Source data
┄┄┄┄┄┄┄┄┄┄

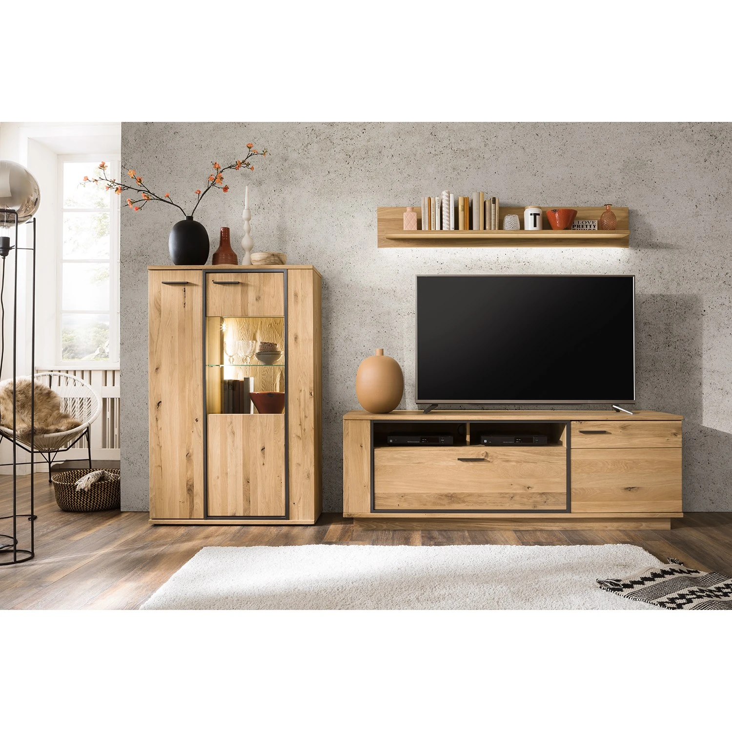 - Korpus & Sockel: Spanplatte, furniert & geölt
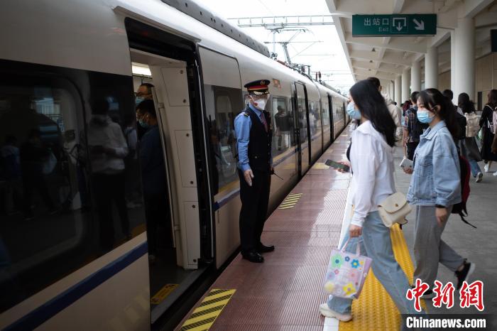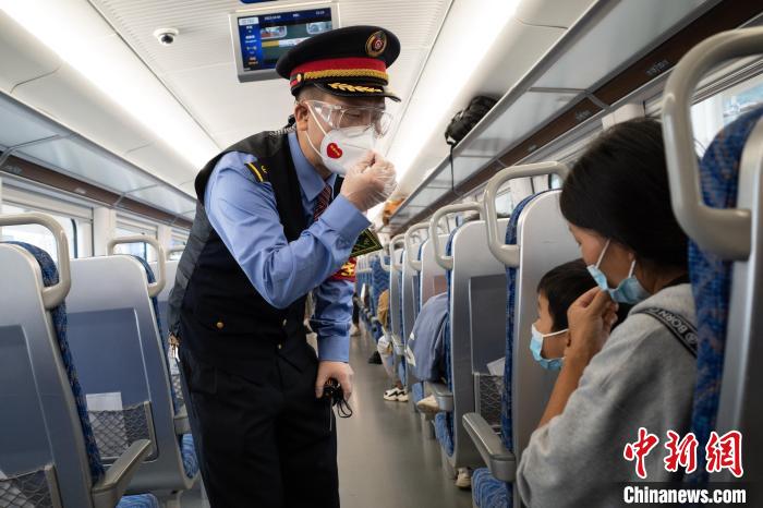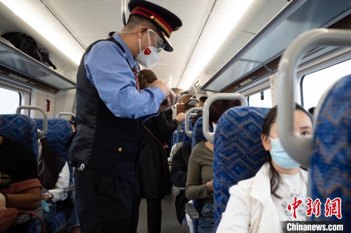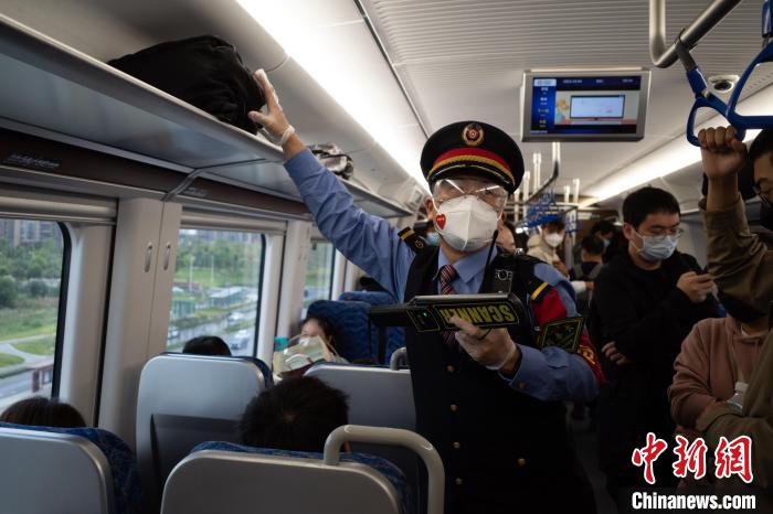 “請(qǐng)保管好自身財(cái)物,看管好小孩,照顧好老人,上下車(chē)注意腳下安全。”數(shù)百名乘客陸續(xù)上車(chē)后,鐘靜開(kāi)始在車(chē)廂里巡視。疫情防控期間,他要提醒大家戴好口罩。遇到行李架上行李擺放不規(guī)范,他要?jiǎng)邮终?。同時(shí),他還負(fù)責(zé)整列4節(jié)車(chē)廂的查票、補(bǔ)票工作。
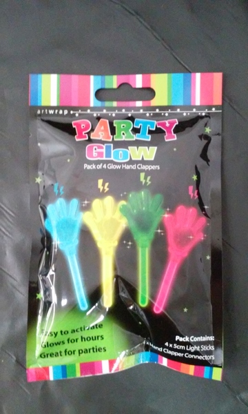 Pack of 4 glow hand clappers party favours. Pack contains: 4 x 5cm light sticks and 4 x hand clapper connectors.
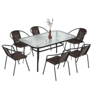 Domov | Za vso družino | Vrtno pohištvo | Vrtni komplet pohištva za teraso, steklena miza 150×90, stoli 6 kosov, rjave barve
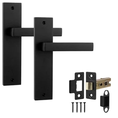 Aluminium matt black lever handle with a 200×45mm rectangular backplate, featuring a modern 120mm straight square design suited for diverse interior applications. Integrated 2.5in fire-rated tubular mortise latch, providing a comprehensive solution for functional and stylish backplate door handles in commercial and residential spaces. Balanced proportions inspired by art deco and contemporary design principles, reflecting Victorian backplate door handles with modern aesthetic refinements. Ideal for offices, bedrooms, and hallways, this set offers internal door handles with backplate and latch, ensuring seamless installation across new and existing doors. Supplied with all necessary fixings, the kit combines durable backplate door handles with refined matt black detailing for modern homes and professional environments., Weight: 1.212542441 pounds, Manufacturer: Decoranddecor
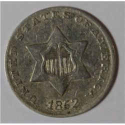 1852 THREE CENT SILVER FINE (DAMAGED)
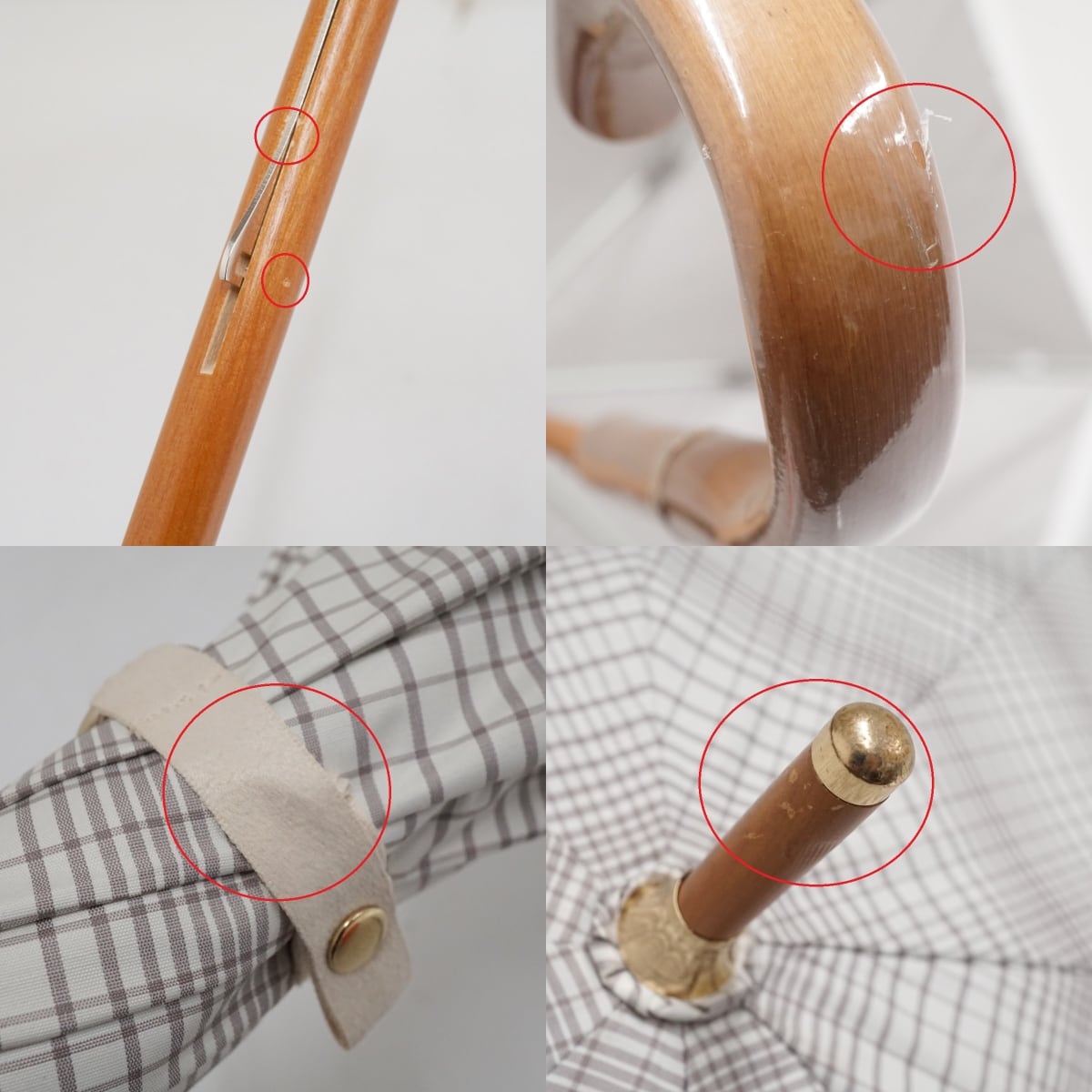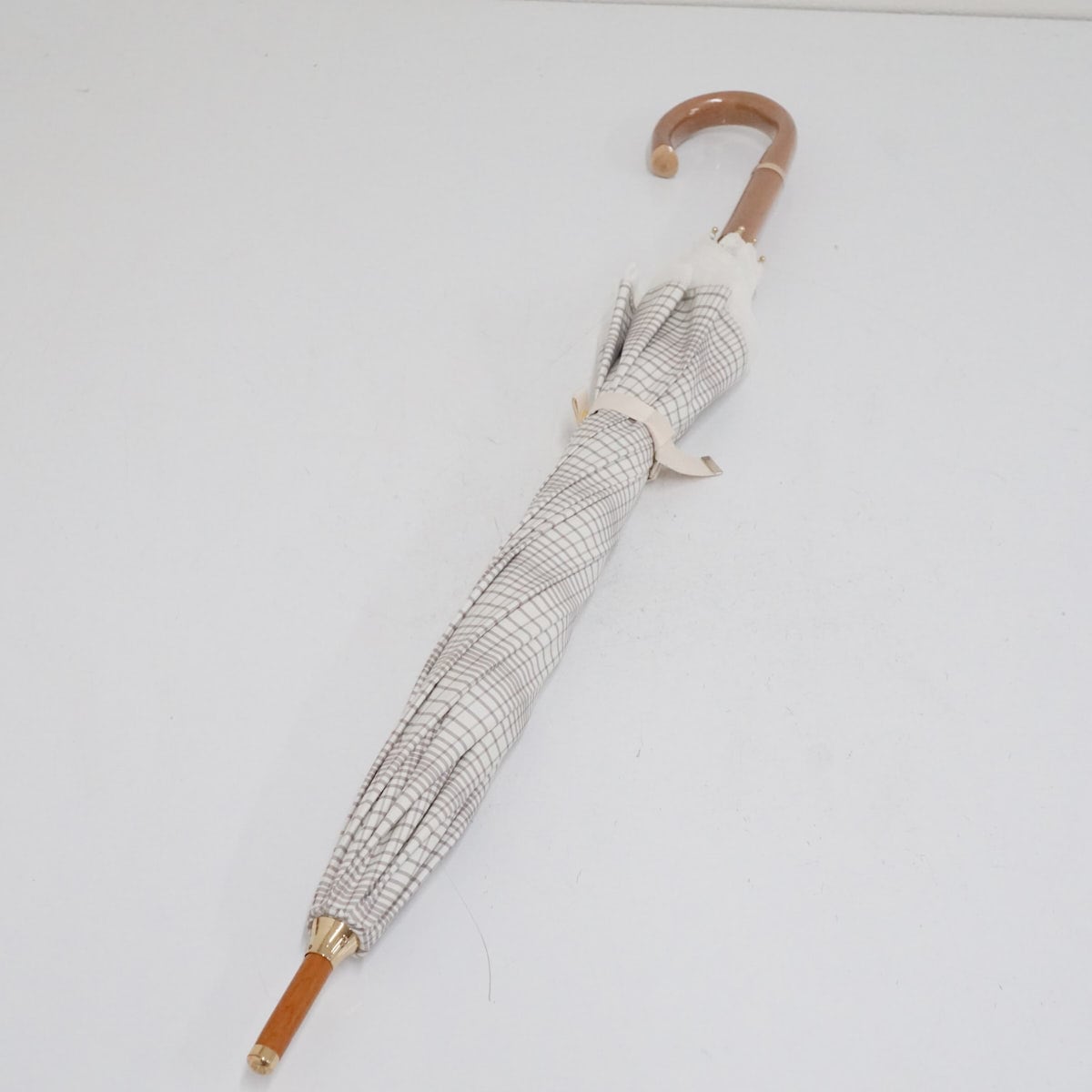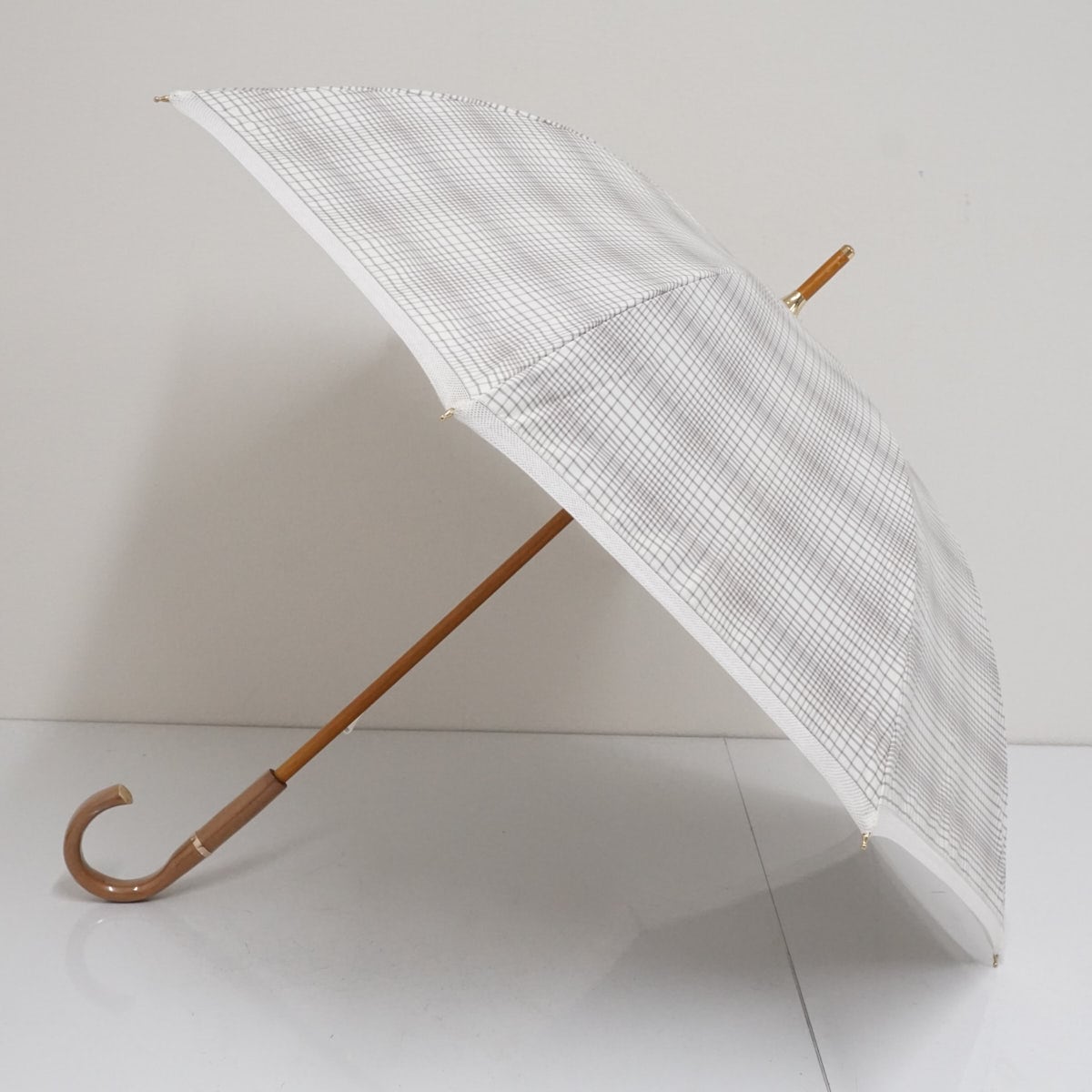 日傘 MOONBAT ムーンバット USED美品 ホワイト チェック 晴雨兼用 UV 紫外線対策 木製手元 グラス骨 50cm A3134

┄┄┄┄┄┄┄┄┄┄

Copy all of the data word for word, and keep the pictures out of it.

Task response:
 - Korpus & Sockel: Spanplatte, furniert & geölt
 “請(qǐng)保管好自身財(cái)物,看管好小孩,照顧好老人,上下車(chē)注意腳下安全。”數(shù)百名乘客陸續(xù)上車(chē)后,鐘靜開(kāi)始在車(chē)廂里巡視。疫情防控期間,他要提醒大家戴好口罩。遇到行李架上行李擺放不規(guī)范,他要?jiǎng)邮终?。同時(shí),他還負(fù)責(zé)整列4節(jié)車(chē)廂的查票、補(bǔ)票工作。
 Pack of 4 glow hand clappers party favours. Pack contains: 4 x 5cm light sticks and 4 x hand clapper connectors.
 Domov | Za vso družino | Vrtno pohištvo | Vrtni komplet pohištva za teraso, steklena miza 150×90, stoli 6 kosov, rjave barve
 Aluminium matt black lever handle with a 200×45mm rectangular backplate, featuring a modern 120mm straight square design suited for diverse interior applications. Integrated 2.5in fire-rated tubular mortise latch, providing a comprehensive solution for functional and stylish backplate door handles in commercial and residential spaces. Balanced proportions inspired by art deco and contemporary design principles, reflecting Victorian backplate door handles with modern aesthetic refinements. Ideal for offices, bedrooms, and hallways, this set offers internal door handles with backplate and latch, ensuring seamless installation across new and existing doors. Supplied with all necessary fixings, the kit combines durable backplate door handles with refined matt black detailing for modern homes and professional environments., Weight: 1.212542441 pounds, Manufacturer: Decoranddecor
 1852 THREE CENT SILVER FINE (DAMAGED)
 日傘 MOONBAT ムーンバット USED美品 ホワイト チェック 晴雨兼用 UV 紫外線対策 木製手元 グラス骨 50cm A3134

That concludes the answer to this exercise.